Bergen Drug Company v. Parke, Davis & Company

Decision Date29 August 1962
Docket NumberNo. 13934.,13934.
Citation307 F.2d 725
PartiesBERGEN DRUG COMPANY Inc., a New Jersey Corporation, Appellant, v. PARKE, DAVIS & COMPANY, a Michigan Corporation.
CourtU.S. Court of Appeals — Third Circuit

Alan V. Lowenstein, Newark, N. J., (Lowenstein & Spicer, Murry D. Brochin, Newark, N. J., on the brief), for appellant.

Gerhard A. Gesell, Washington, D. C., (Donald B. Kipp, Clyde A. Szuch, Pitney, Hardin & Kipp, Newark, N. J., William H. Allen, Covington & Burling, Washington, D. C., on the brief), for appellee.

Before McLAUGHLIN, STALEY and HASTIE, Circuit Judges.

STALEY, Circuit Judge.

On September 27, 1961, plaintiff, Bergen Drug Company, Inc., commenced a private antitrust action against defendant, Parke, Davis & Company.

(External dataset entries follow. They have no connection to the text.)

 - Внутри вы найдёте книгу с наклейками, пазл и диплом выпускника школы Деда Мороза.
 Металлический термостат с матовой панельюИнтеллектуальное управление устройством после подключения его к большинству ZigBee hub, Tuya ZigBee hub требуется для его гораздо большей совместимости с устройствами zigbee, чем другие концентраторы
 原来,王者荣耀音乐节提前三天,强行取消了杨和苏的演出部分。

The complaint, as amended, contained the usual prayer for treble damages and requested a permanent injunction enjoining defendant from refusing to sell its products to plaintiff upon the same terms as they are sold to other purchasers.1

On October 12, 1961, plaintiff received a letter from defendant which stated:

"We have concluded that we do not wish to make further use of the distribution facilities of Bergen Drug Company, Inc.
"We are, therefore, closing your account permanently, effective immediately."

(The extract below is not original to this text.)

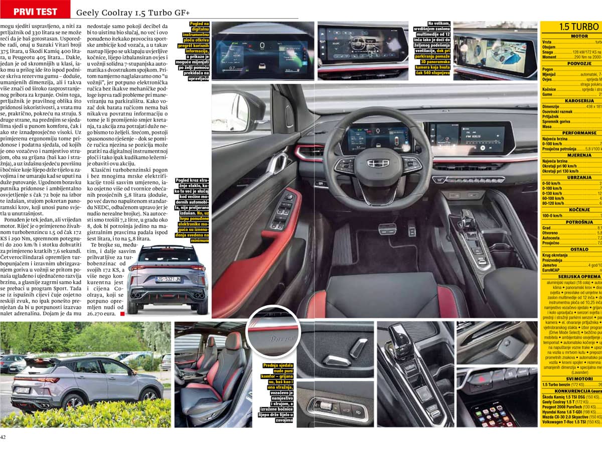 Ta su dva zaslona postavljena u istu visinu i pomodno naoko spojena, pa pogled ne bježi dugo s ceste kad vozač poželi promijeniti prikaz ili, primjerice, izabrati drugi program vožnje (nude se Eco, Comfort, Sport i Smart). Plus je i što se ponuđena elektronika jednostavno koristi, pa je za povezivanje multimedije s pametnim telefonom potrebno svega nekoliko trenutaka, a prilikom parkiranja dobro dođe i što se uz prednje i stražnje parkirne senzore serijski nudi i 3D panoramska kamera, za koju u Geelyju kažu da ne pokriva samo 360, već čak 540 stupnjeva oko automobila. Inače, sam prikaz kamere gotovo je kristalno čist i bez da ogriješimo dušu možemo reći jedan od boljih koji se nude na tržištu. Ima, međutim, i stvari koje nas nisu oduševile. Straga se, primjerice, nudi izdašan prostor za noge, no putnici viši od 185 cm ondje ne mogu sjediti uspravljeno, a niti za prtljažnik od 330 litara se ne može reći da je baš gorostasan. Usporedbe radi, onaj u Suzuki Vitari broji 375 litara, u Škodi Kamiq 400 litara, u Peugeotu 405 litara... Dakle, jedan je od skromnijih u klasi, iako mu u prilog ide što ispod podnice skriva rezervnu gumu – doduše, umanjenih dimenzija, ali i takva više znači od široko rasprostranjenog pribora za krpanje. Osim toga, prtljažnik je pravilnog oblika što pridonosi iskoristivosti, a vrata mu se, praktično, pokreću na struju. S druge strane, na prednjim se sjedalima sjedi u punom komforu, čak i ako ste iznadprosječno visoki. Uz primjerenu ergonomiju tome pridonose i podatna sjedala, od kojih je ono vozačevo i namjestivo strujom, oba su grijana (baš kao i stražnja), a uz izdašnu sjedeću površinu i bočnice koje lijepo drže tijelo u zavojima i ne umaraju kad se uputi na duže putovanje. Ugodnom boravku putnika pridonose i ambijentalno osvjetljenje s čak 72 boje na izbor te izdašan, stujom pokretan panoramski krov, koji unosi puno svjetla u unutrašnjost.

Shortly before, plaintiff's subsidiaries received substantially similar letters from defendant.

Confronted with defendant's action, plaintiff filed a motion in the district court for an injunction pendente lite requesting that defendant be enjoined from cancelling or threatening to cancel the accounts of plaintiff and its wholly-owned subsidiary, from refusing to fill their orders, and requiring defendant to sell and deliver merchandise to them upon the same terms and conditions as such merchandise was being sold and delivered to competing wholesalers.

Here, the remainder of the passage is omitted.